» **WHAT TO DO**:
Set every record down again exactly. Do not carry over the pictures.

» **PROVIDED MATERIAL**:
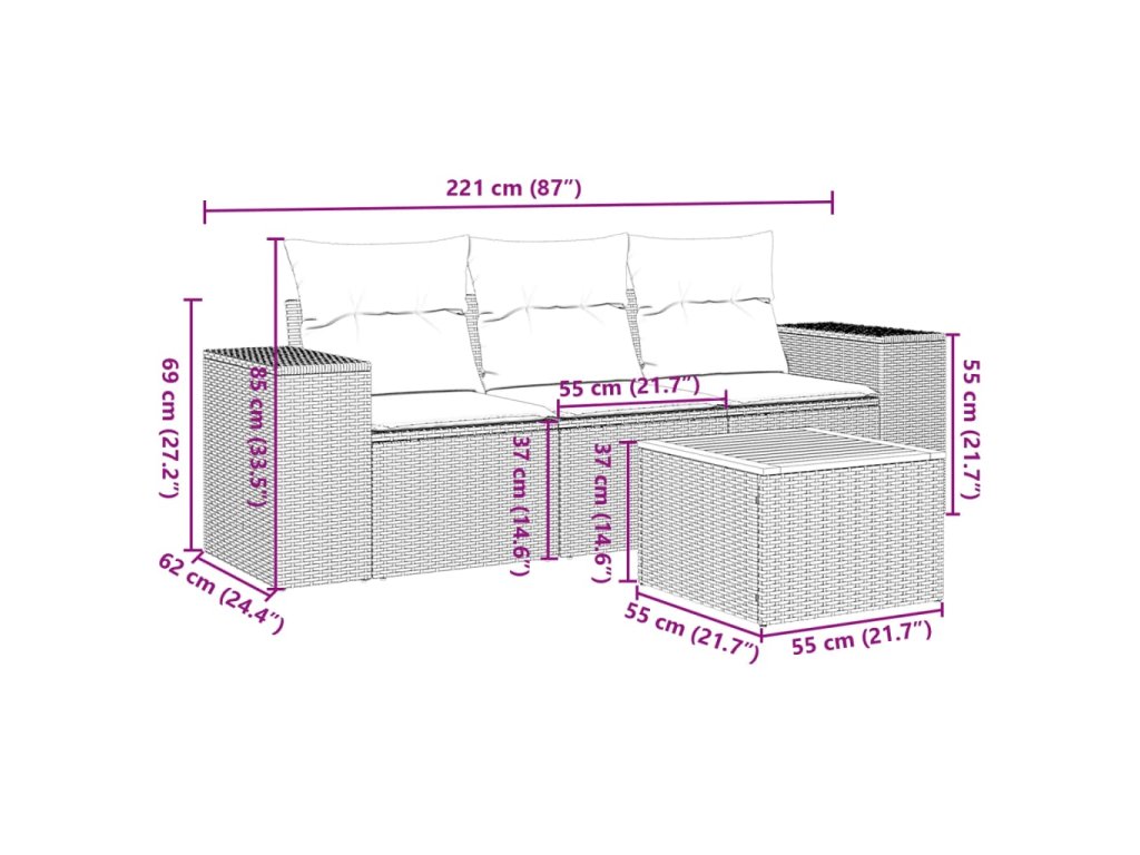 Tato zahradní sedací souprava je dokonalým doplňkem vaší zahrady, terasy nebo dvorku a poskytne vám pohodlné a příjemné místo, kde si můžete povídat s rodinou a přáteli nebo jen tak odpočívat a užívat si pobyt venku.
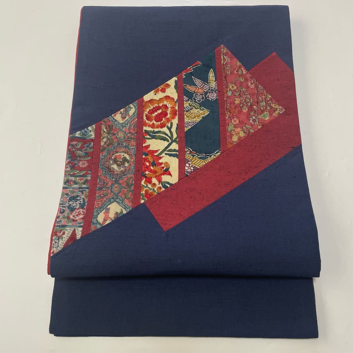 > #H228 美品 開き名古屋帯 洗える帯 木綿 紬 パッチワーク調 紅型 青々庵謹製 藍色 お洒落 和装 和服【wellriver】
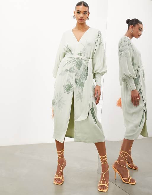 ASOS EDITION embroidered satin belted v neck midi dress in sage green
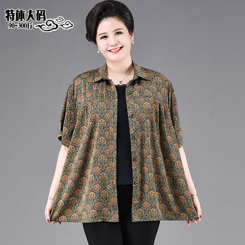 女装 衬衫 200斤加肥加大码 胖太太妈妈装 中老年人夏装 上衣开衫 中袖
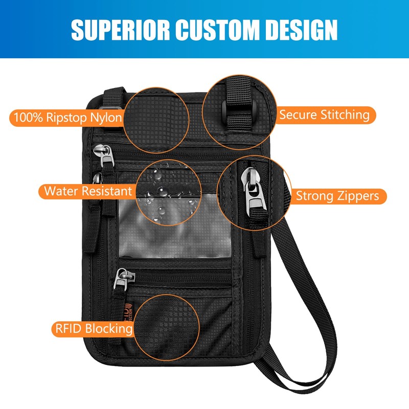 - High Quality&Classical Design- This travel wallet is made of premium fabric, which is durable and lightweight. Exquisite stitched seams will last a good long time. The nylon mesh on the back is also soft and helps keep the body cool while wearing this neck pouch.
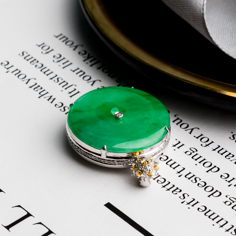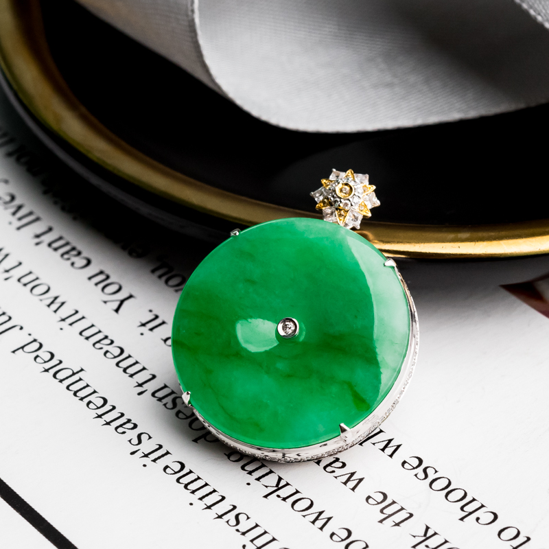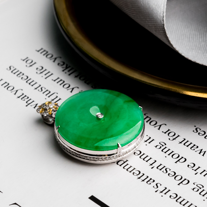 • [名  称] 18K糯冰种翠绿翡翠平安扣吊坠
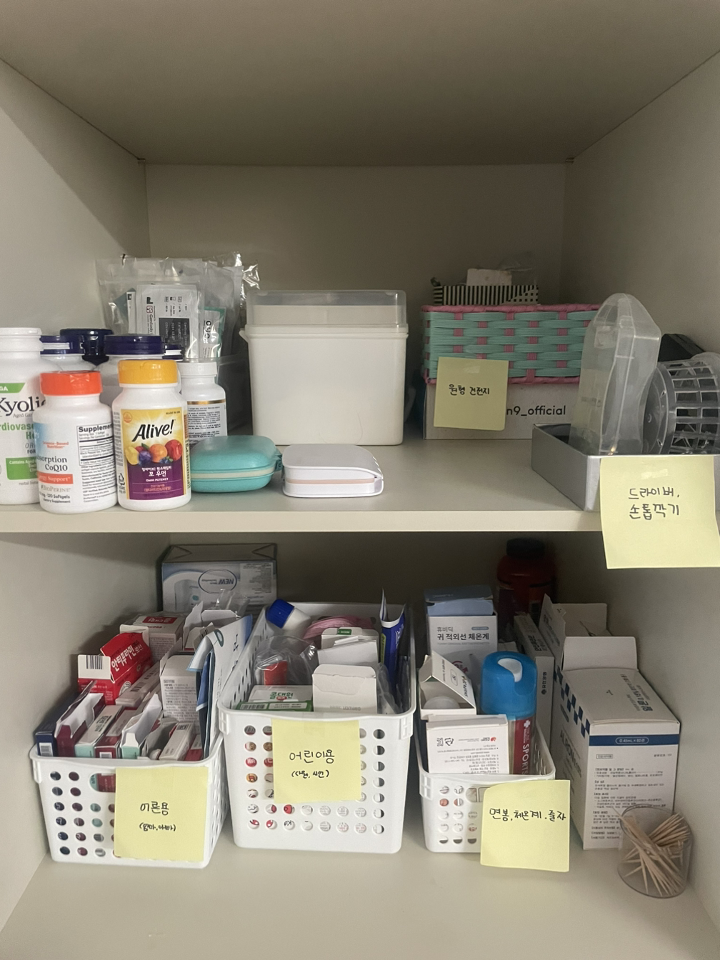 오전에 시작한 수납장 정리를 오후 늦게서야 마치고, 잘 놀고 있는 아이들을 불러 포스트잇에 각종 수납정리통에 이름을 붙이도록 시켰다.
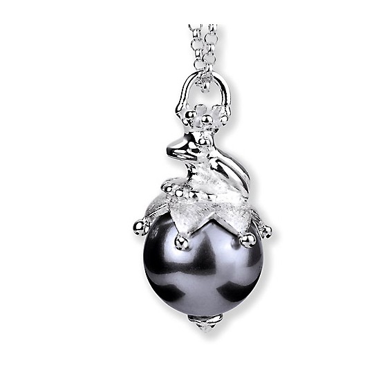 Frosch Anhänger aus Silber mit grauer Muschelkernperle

» **OUTPUT OF THE TASK**:
 Tato zahradní sedací souprava je dokonalým doplňkem vaší zahrady, terasy nebo dvorku a poskytne vám pohodlné a příjemné místo, kde si můžete povídat s rodinou a přáteli nebo jen tak odpočívat a užívat si pobyt venku.
 > #H228 美品 開き名古屋帯 洗える帯 木綿 紬 パッチワーク調 紅型 青々庵謹製 藍色 お洒落 和装 和服【wellriver】
 ASOS EDITION embroidered satin belted v neck midi dress in sage green
 女装 衬衫 200斤加肥加大码 胖太太妈妈装 中老年人夏装 上衣开衫 中袖
 - High Quality&Classical Design- This travel wallet is made of premium fabric, which is durable and lightweight. Exquisite stitched seams will last a good long time. The nylon mesh on the back is also soft and helps keep the body cool while wearing this neck pouch.
 • [名  称] 18K糯冰种翠绿翡翠平安扣吊坠
 오전에 시작한 수납장 정리를 오후 늦게서야 마치고, 잘 놀고 있는 아이들을 불러 포스트잇에 각종 수납정리통에 이름을 붙이도록 시켰다.
 Frosch Anhänger aus Silber mit grauer Muschelkernperle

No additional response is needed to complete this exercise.